The mistake here was that we were only generating checksums for the dependencies and plugins that help or updateLicenses tasks use. The ./gradlew --write-verification-metadata sha256 check command records all dependencies used by the check task. Fixing this makes ./gradlew check work.

[dweiss]

Thanks. But does it mean that if we run some other task that pulls dependencies outside of check's scope the build will fail then?

[gautamworah96]

I don't think it will. If we run ./gradlew assemble it checks whether dependencies used in assemble are defined in the metadata. If we run ./gradlew check it checks if dependencies of check are defined in the metadata. As far as I know, our builds mainly use these tasks.

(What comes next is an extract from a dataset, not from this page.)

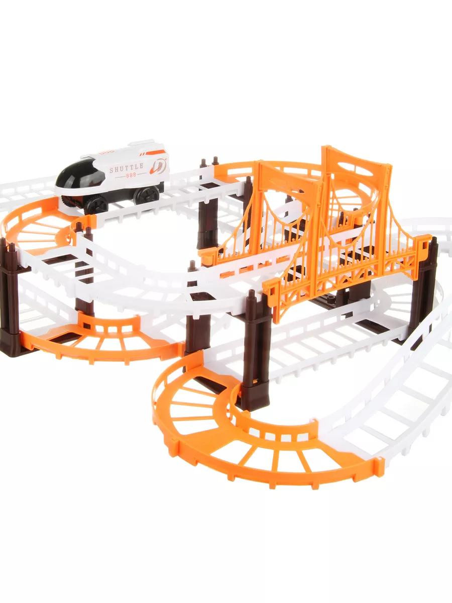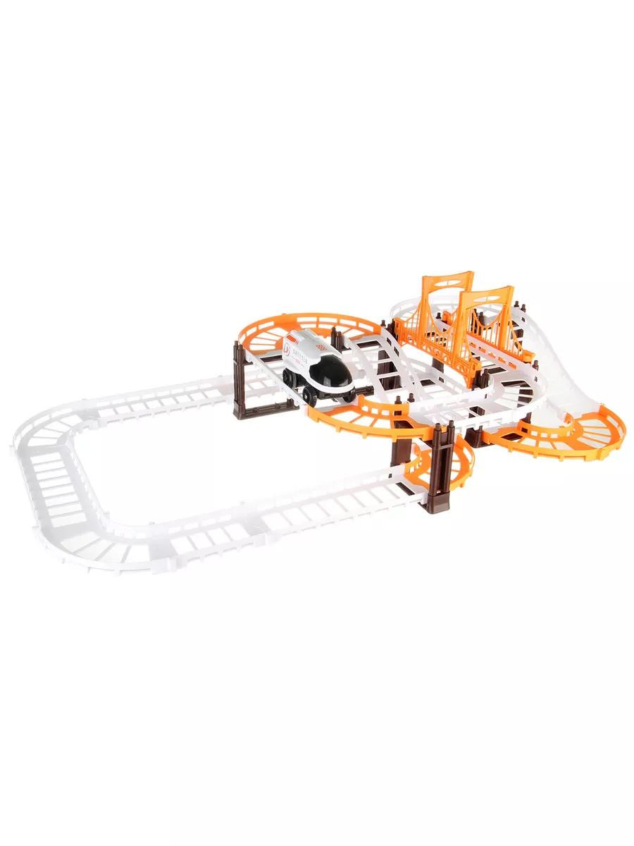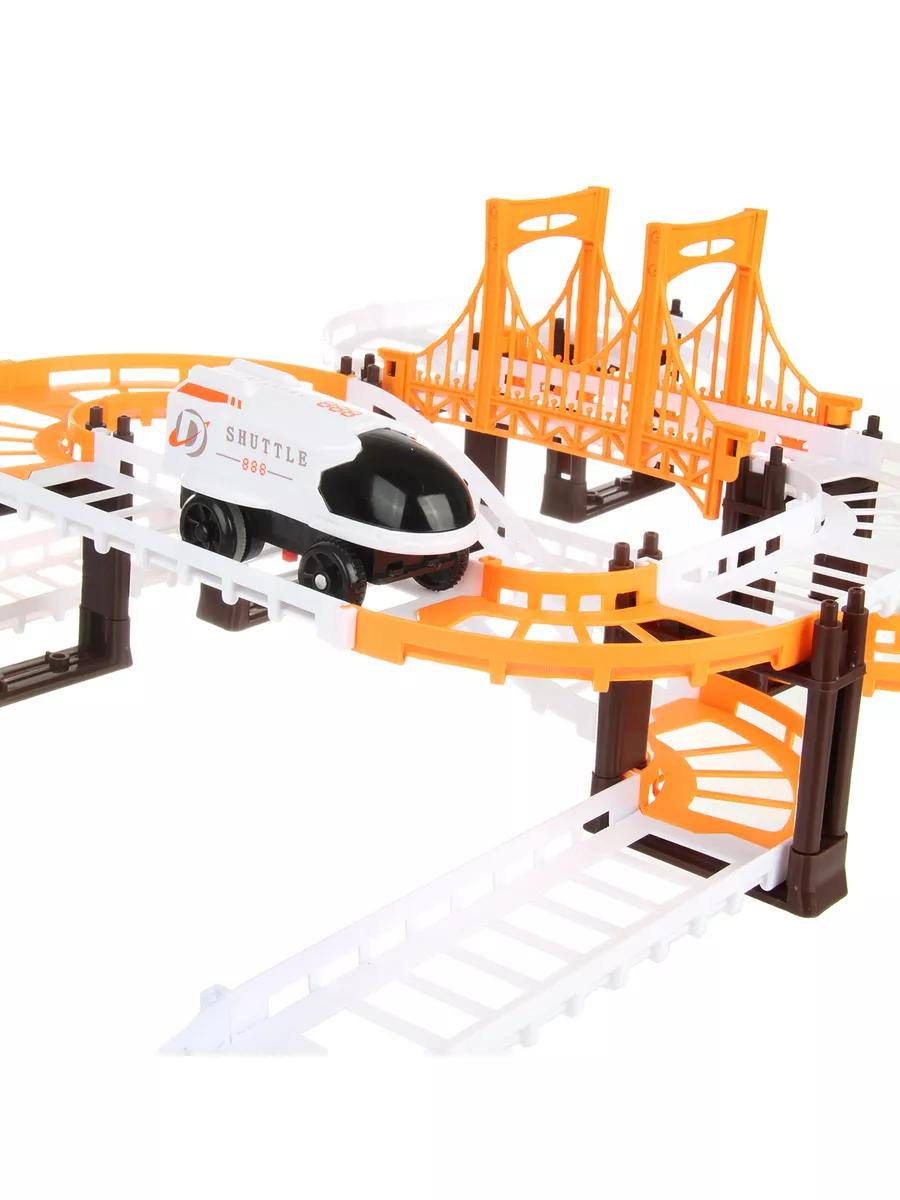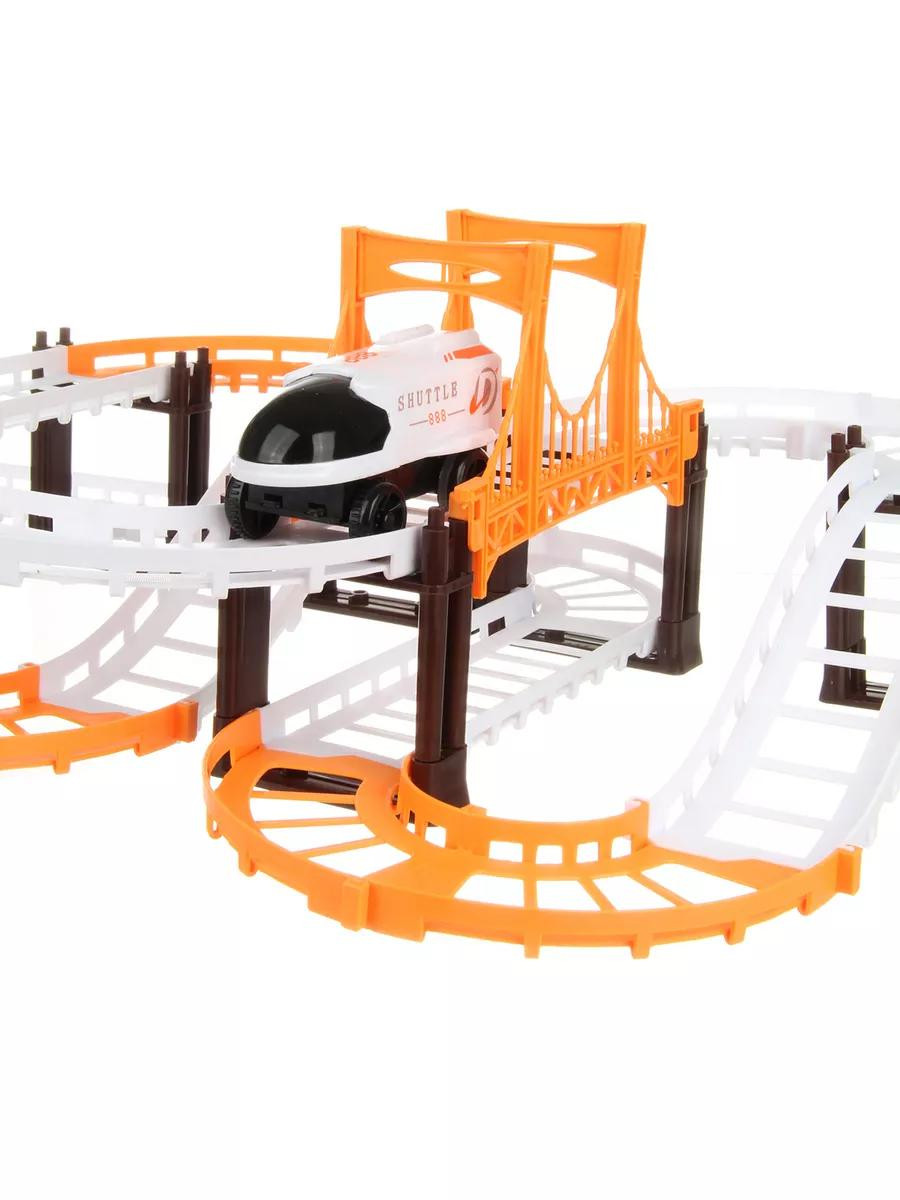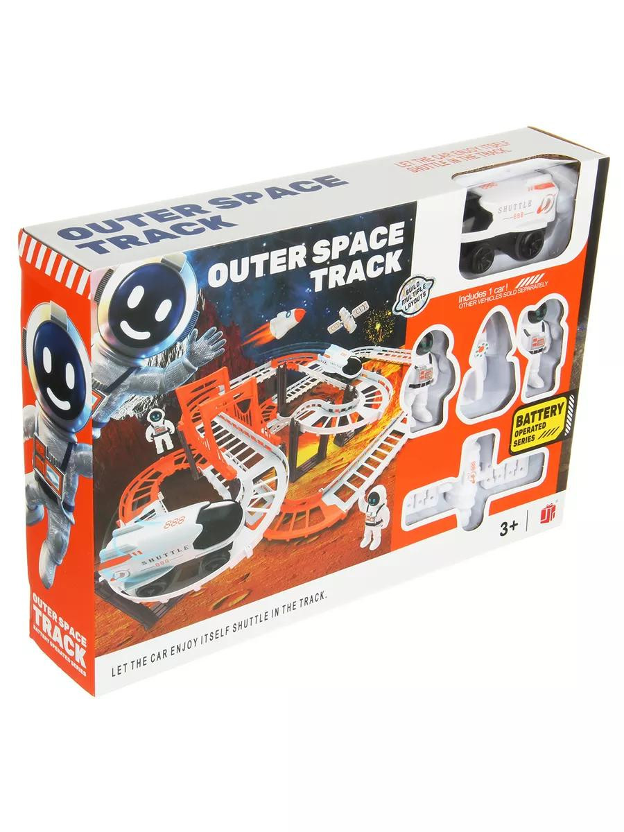 Игрушечный трек, выполненный в космической тематике, с фигурками космонавтов, компактной машинкой и ракетой. Два яруса, машинка катается с одного яруса на другой. Игрушка конструктор легко собирается, в разобранном виде удобно хранить в коробке. Трек изготовлен из прочных и долговечных материалов, станет замечательным подарком для мальчика и девочки на Новый год и День рождения. Комплектация. Детали для сборки трека, 2 космонавта, ракета, сегмент МКС, машинка. Машинка едет вперед по треку, заднеприводная. 44 детали. 39 элементов трека. Машинка работает от 1 батарейки АА, не входит в комплект. Полимер. Размеры трека 57х32х14 см. Ширина элемента трека 5 см. Размеры машинки 9х4х5 см. Размеры космонавта 4х2х6 см. Размеры сегмента МКС 11х2х6 см. Размеры ракеты 4х6 см. Размеры коробки 35х7х25 см.

Our build will fail if you run ./gradlew <somenewtask> with the <somenewtask> dependencies not added to the metadata file. I'll try this case out and get back here..

[gautamworah96]

Alright! I tested a sample detachedConfiguration

 tasks.register("checkDetachedDependencies") {
    doLast {
      def detachedConf = configurations.detachedConfiguration(dependencies.create("org.aspectj:aspectjrt:1.8.6"))
      println(detachedConf.files)
    }
  }

This task fails if you execute it separately with ./gradlew checkDetachedDependencies giving the error that it needs the checksum of aspectj. However, ./gradlew check passes because check does not depend on checkDetachedDependencies

[dweiss]

But it's the opposite of what we want: we'd like those tasks that have detached dependencies to pass instead of fail. It's really hard to predict where such configurations may occur and it's just not possible to list all possible tasks to "--write-verification-metadata"...

The only way I see it as a functional substitute is if it can be passed an explicit set of configurations from which to generate the metadata and still work with any other configurations. Otherwise it's going to be very difficult to work with - I don't see how we can activate all possible configurations when writing checksums.

[gautamworah96]

My understanding was that check was a superset of almost every other configuration. In case, we wanted to add other detached configurations we could disableDependencyVerification() for them.

However, this seems like too much work for something so simple :)
I'll close this PR and wait silently until gradle adds an option for verifying just some select configurations. Or maybe work on adding it :p

Thanks for reviewing anyways!

[dweiss]

Check is just a convention aggregation task, nothing else. We have tons of other stuff that isn't connected with check in the execution graph - I bet some of these dependencies/ configurations are in in plugins and it'd be difficult to even hook into them to disable automatic dependency verification.

The work on this attempt isn't lost though (thank you!). Let's keep an eye on what happens with gradle's built-in checkums and retry the attempt when it's more flexible.

[gautamworah96]

Thanks, this looks suspiciously simple!... :) I'll be glad to experiment with it a bit.

💯

I'm not a big fan of the monolithic checksum file - the expanded version (per-jar checksum) seems easier.

I actually thought having a single file would be better for editing and understanding dependencies from a single place.
I don't think there is a way to give multiple checksum file inputs to gradle at this moment.

[dweiss]

It's fine. I kind of prefer filesystem (file name)-based correspondence of checksums to files but I can live with a monolithic file too.

[gautamworah96]

Some closing notes: We found the current gradle checksum verification functionality unsuitable for our use case.
The current functionality records all dependencies (plugins et al) for a given configuration that was used to generate the verification-metadata.xml file. However, it fails builds on other configurations that use other external dependencies.

When could this possibly work? If gradle were to check dependencies only when the task that was used to generate the metadata file is executed, it would allow developers to safely create more configurations (with other dependencies) without the restriction of adding them to the global metadata file.